Brief: Only the lines from the one containing "Cotton pique T-shirt." through the end of the material should be printed, exactly as they appear. Leave out pictures.

Records provided:
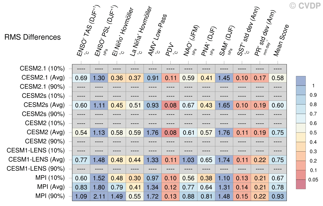 | Sort By: | Namelist (default) | Namelist (Alphabetically) | ENSO' TAS | ENSO' PSL | El Niño' Hovmöller La Niña' Hovmöller | AMV' Low-Pass | PDV' | NAO' | PNA' | SAM' | SST' std dev | PR' std dev | Mean Score |
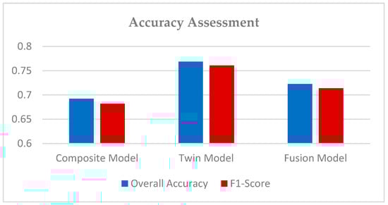 The models were executed using Python 3.7.4 on the platform of Intel(R) Xeon(R) W-2125 CPU @ 4.00GHz Core-i7 system with 32 GB RAM. The performance evaluation of the three models is presented in Table 4. The OA was recorded at 69.24%, 72.27%, and 76.86% when the composite, fusion, and twin models were applied, respectively. The OA appeared to increase by about 3.03% when considering the fusion model instead of the composite model. In addition, the OA was enhanced by about 4.59% when considering a CNN using the twin model instead of the fusion model. In general, the OA appeared to increase from 69.24% to 76.86% when considering a CNN using the twin model.
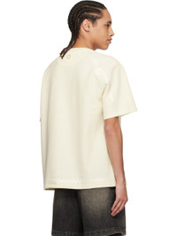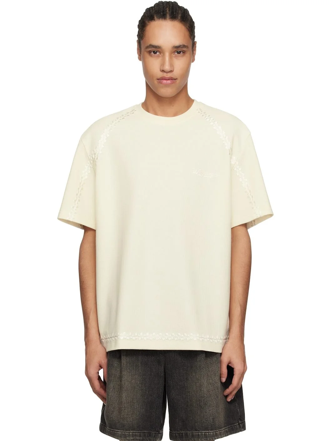 Cotton pique T-shirt. Embroidered detailing throughout. · Rib-knit crewneck · Logo embroidered at chest · Logo flag at side seam · Dropped shoulders · Logo hardware at back collar Supplier color: Ivory 59% cotton, 41% polyester. Made in South Korea 251704M213016
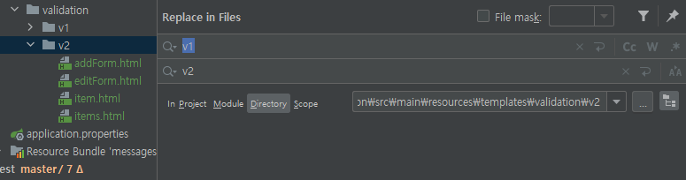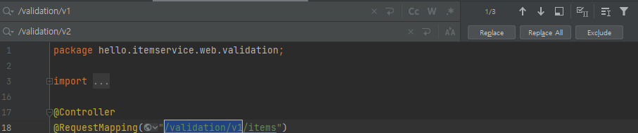 검증을 위한 코드를 개선해본다. 우선 앞선 글에서 작성한 코드를 복사해서 V2 버전으로 만든다. 코드 내에 있는 v1, V1 부분을 v2, V2로 만드는데, 변경을 원하는 코드를 블록하고, [Ctrl + R]을 누르면 intelliJ에서 선택하여 변경, replace All 기능을 제공한다.
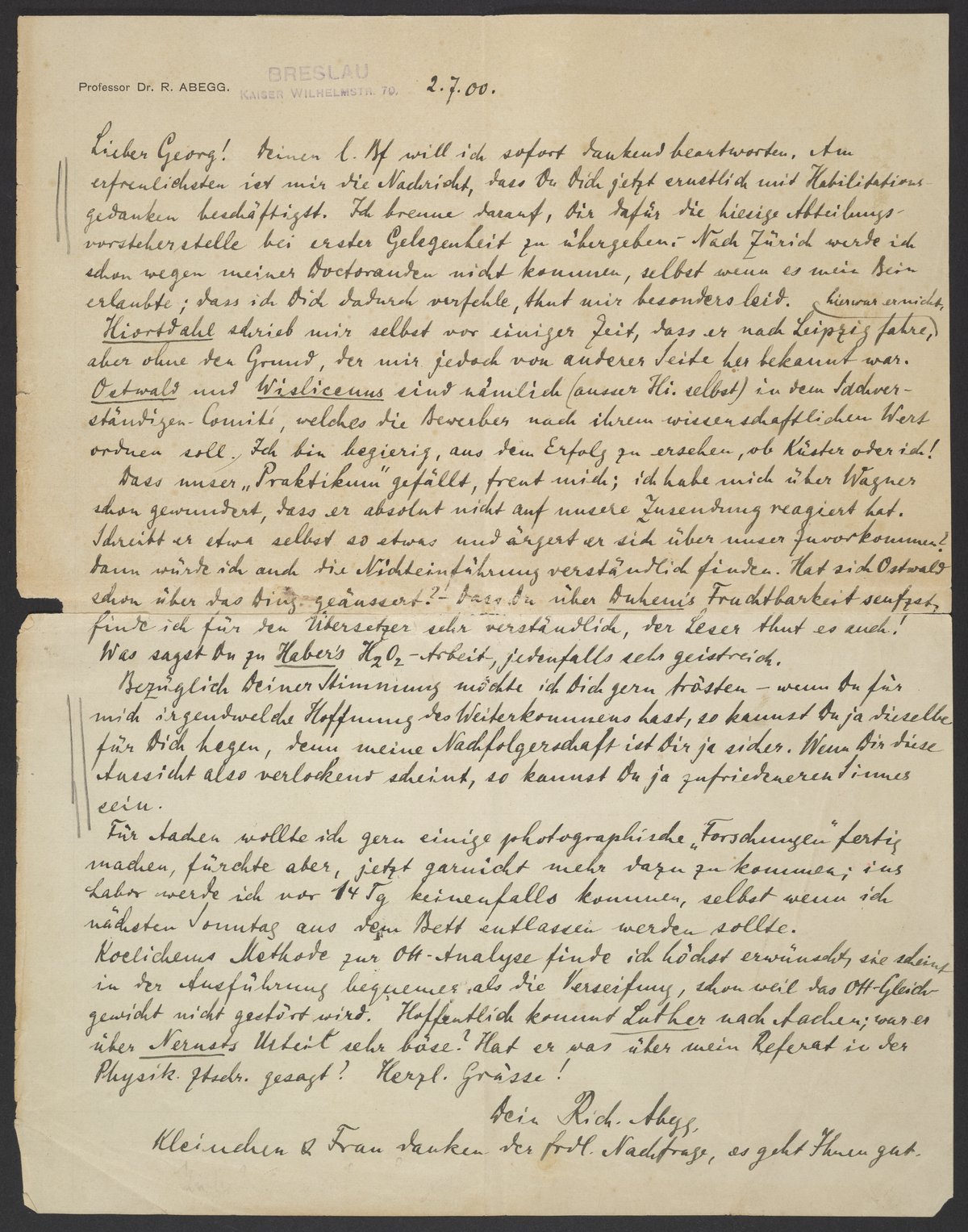 Letter from Richard Abegg to Georg Bredig

Written response:
 Cotton pique T-shirt. Embroidered detailing throughout. · Rib-knit crewneck · Logo embroidered at chest · Logo flag at side seam · Dropped shoulders · Logo hardware at back collar Supplier color: Ivory 59% cotton, 41% polyester. Made in South Korea 251704M213016
 검증을 위한 코드를 개선해본다. 우선 앞선 글에서 작성한 코드를 복사해서 V2 버전으로 만든다. 코드 내에 있는 v1, V1 부분을 v2, V2로 만드는데, 변경을 원하는 코드를 블록하고, [Ctrl + R]을 누르면 intelliJ에서 선택하여 변경, replace All 기능을 제공한다.
 Letter from Richard Abegg to Georg Bredig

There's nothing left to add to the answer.